■ DATA FOR REVIEW ■
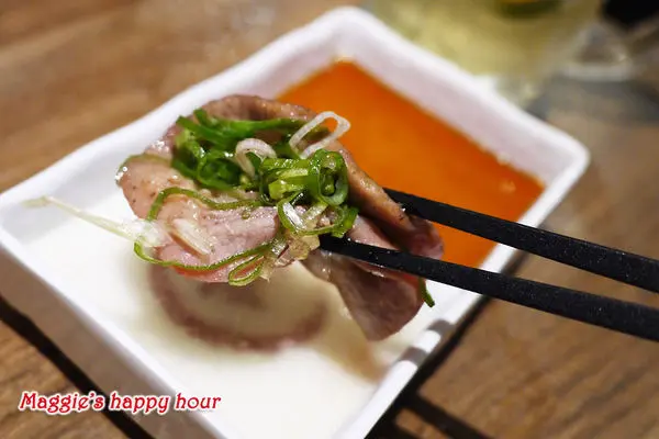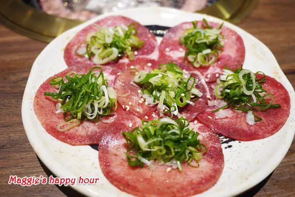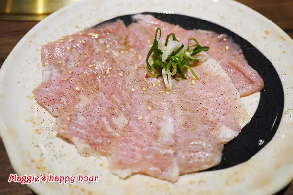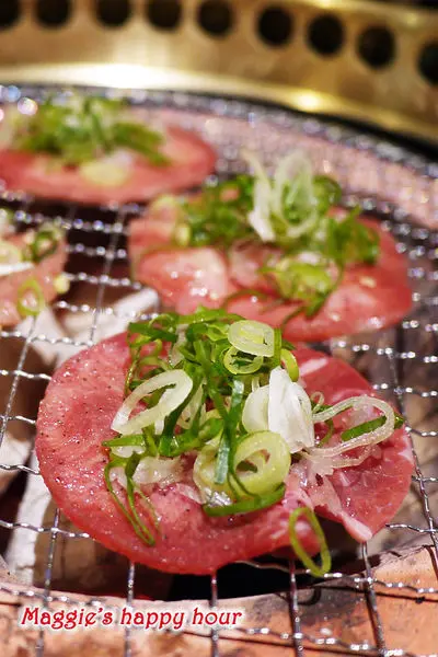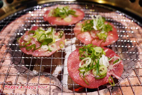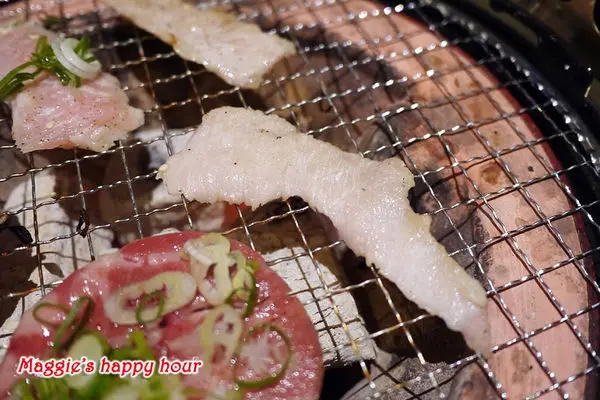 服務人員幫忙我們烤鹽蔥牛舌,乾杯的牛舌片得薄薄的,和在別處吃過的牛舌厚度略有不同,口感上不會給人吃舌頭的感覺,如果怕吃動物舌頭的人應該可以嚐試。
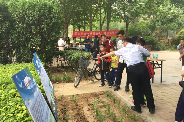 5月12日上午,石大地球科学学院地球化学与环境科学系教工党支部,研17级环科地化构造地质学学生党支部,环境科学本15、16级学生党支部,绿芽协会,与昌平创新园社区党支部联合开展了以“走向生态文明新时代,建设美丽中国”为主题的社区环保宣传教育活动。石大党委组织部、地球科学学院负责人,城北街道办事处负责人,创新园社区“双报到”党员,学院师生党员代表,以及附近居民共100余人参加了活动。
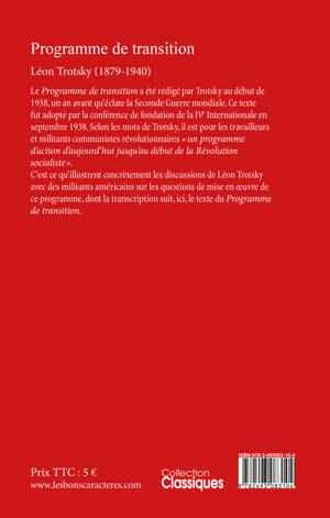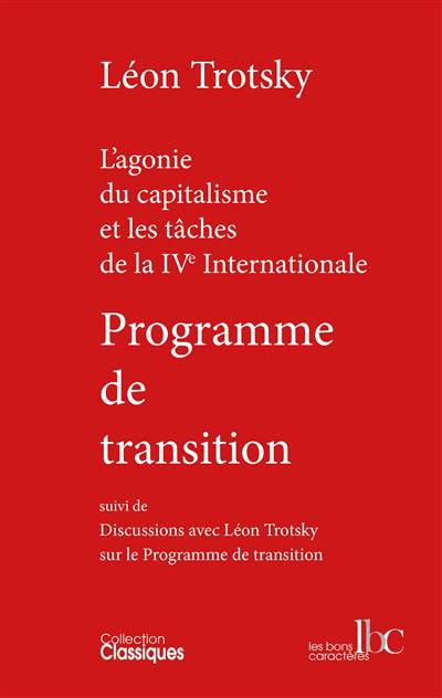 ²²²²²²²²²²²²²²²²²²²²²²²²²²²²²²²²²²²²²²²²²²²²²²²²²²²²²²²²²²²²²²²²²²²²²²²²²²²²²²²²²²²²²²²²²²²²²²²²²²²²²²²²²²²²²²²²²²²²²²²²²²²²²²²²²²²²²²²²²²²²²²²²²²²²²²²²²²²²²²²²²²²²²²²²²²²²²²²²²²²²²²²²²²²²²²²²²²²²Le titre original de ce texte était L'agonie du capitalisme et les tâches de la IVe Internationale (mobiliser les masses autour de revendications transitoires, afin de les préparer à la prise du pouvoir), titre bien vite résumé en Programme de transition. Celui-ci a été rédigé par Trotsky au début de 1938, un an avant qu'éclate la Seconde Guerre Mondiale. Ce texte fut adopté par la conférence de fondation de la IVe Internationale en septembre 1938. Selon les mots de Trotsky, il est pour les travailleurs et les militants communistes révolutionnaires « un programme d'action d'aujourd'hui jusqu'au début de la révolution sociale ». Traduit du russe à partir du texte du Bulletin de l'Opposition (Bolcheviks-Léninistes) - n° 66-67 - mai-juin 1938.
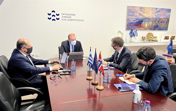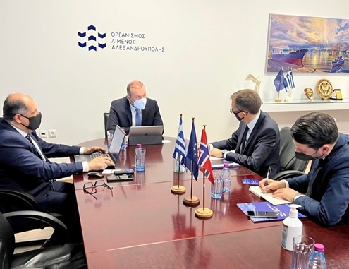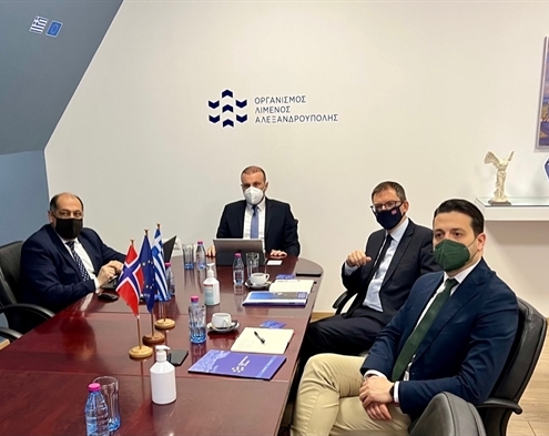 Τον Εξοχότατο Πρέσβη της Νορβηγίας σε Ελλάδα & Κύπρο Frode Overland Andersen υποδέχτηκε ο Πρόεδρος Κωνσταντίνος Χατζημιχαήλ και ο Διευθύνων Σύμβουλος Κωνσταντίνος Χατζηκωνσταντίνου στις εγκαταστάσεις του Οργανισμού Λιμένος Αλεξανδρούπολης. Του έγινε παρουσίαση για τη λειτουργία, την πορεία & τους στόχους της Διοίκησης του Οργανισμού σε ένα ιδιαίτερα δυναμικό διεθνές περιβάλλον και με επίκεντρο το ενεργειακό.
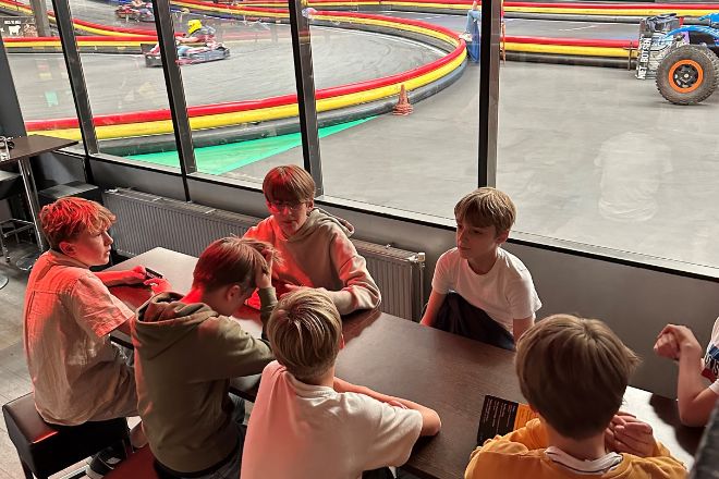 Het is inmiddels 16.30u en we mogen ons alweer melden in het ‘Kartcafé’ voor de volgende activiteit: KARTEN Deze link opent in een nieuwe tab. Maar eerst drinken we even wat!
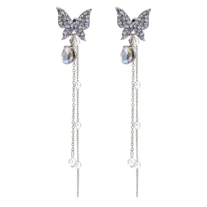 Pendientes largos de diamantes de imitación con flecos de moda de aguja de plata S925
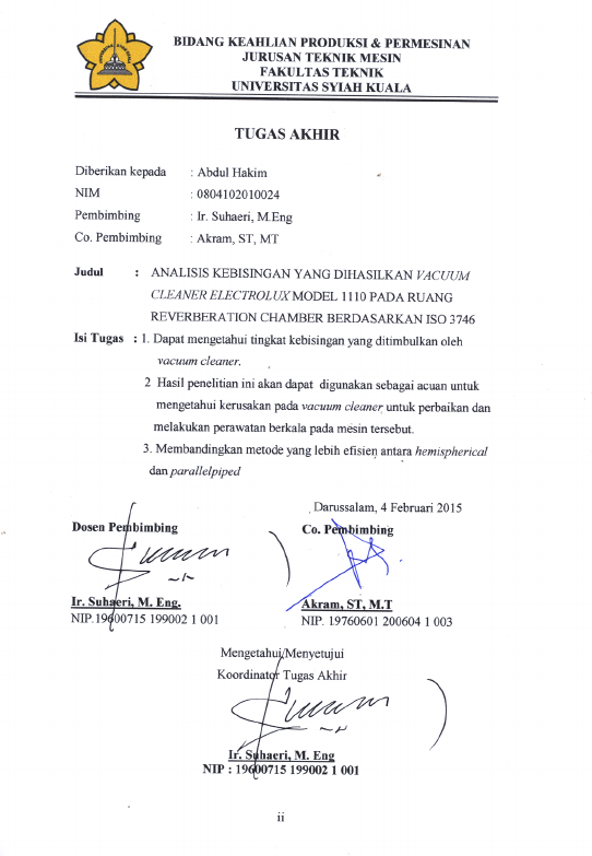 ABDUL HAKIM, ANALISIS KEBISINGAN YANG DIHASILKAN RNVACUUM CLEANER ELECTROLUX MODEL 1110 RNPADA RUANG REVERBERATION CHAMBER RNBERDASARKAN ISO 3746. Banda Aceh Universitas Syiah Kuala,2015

--

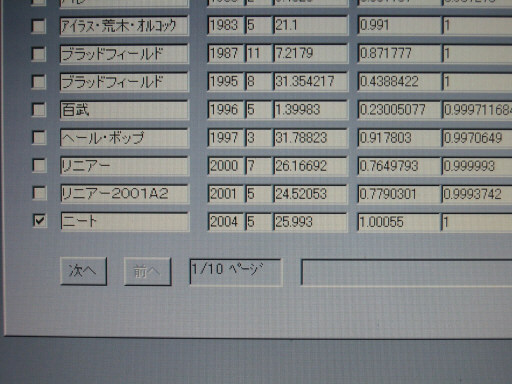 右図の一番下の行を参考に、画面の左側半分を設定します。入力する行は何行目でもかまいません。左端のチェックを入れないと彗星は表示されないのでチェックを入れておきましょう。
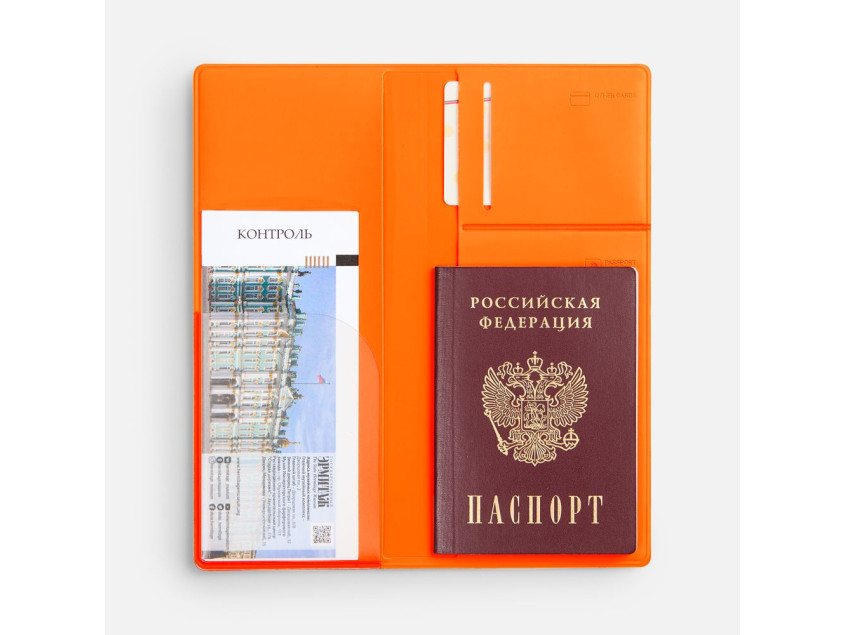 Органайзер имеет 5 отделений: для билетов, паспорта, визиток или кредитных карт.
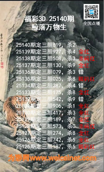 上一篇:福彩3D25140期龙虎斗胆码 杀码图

* * *

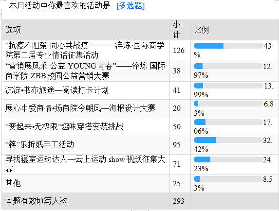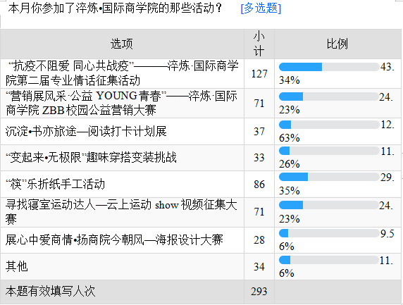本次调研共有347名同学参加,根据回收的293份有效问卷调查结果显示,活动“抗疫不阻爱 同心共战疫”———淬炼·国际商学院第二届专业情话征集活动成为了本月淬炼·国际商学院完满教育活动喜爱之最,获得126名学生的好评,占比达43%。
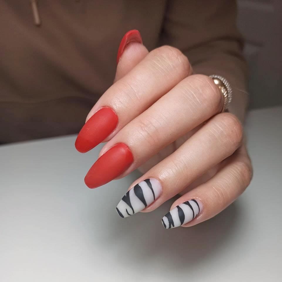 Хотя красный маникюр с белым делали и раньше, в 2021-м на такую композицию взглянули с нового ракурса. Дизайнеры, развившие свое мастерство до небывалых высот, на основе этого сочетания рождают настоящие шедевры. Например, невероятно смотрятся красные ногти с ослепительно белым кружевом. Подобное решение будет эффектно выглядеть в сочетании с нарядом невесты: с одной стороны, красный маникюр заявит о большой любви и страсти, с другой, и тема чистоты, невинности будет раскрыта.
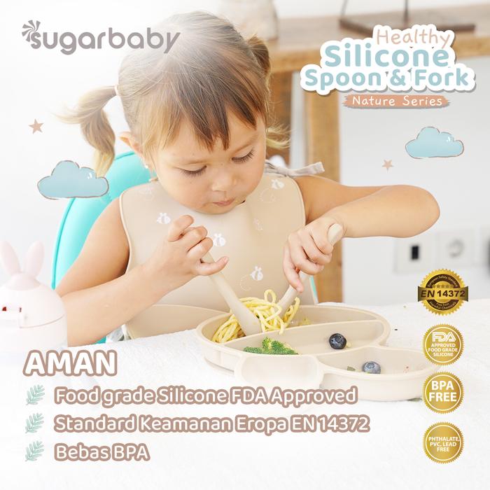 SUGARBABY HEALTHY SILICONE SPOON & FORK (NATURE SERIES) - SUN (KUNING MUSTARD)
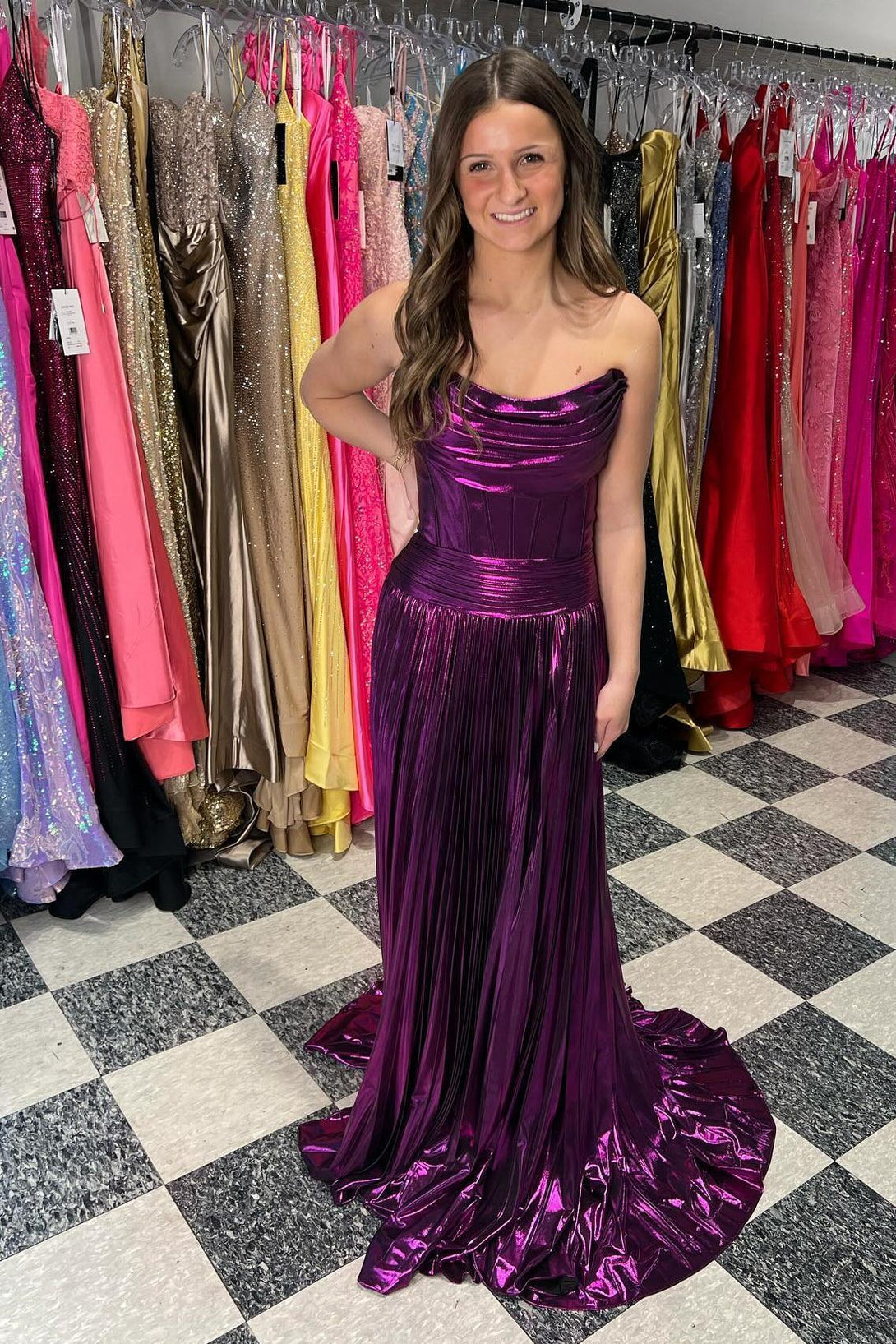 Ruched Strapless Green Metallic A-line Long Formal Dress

■ BRIEF ■
When you reach the line containing "SUGARBABY HEALTHY SILICONE" in the entries above, begin restating word for word, and stop once the line containing "Ruched Strapless Green" has been given. Omit the pictures.

■ SOLVED PROBLEM ■
 SUGARBABY HEALTHY SILICONE SPOON & FORK (NATURE SERIES) - SUN (KUNING MUSTARD)
 Ruched Strapless Green Metallic A-line Long Formal Dress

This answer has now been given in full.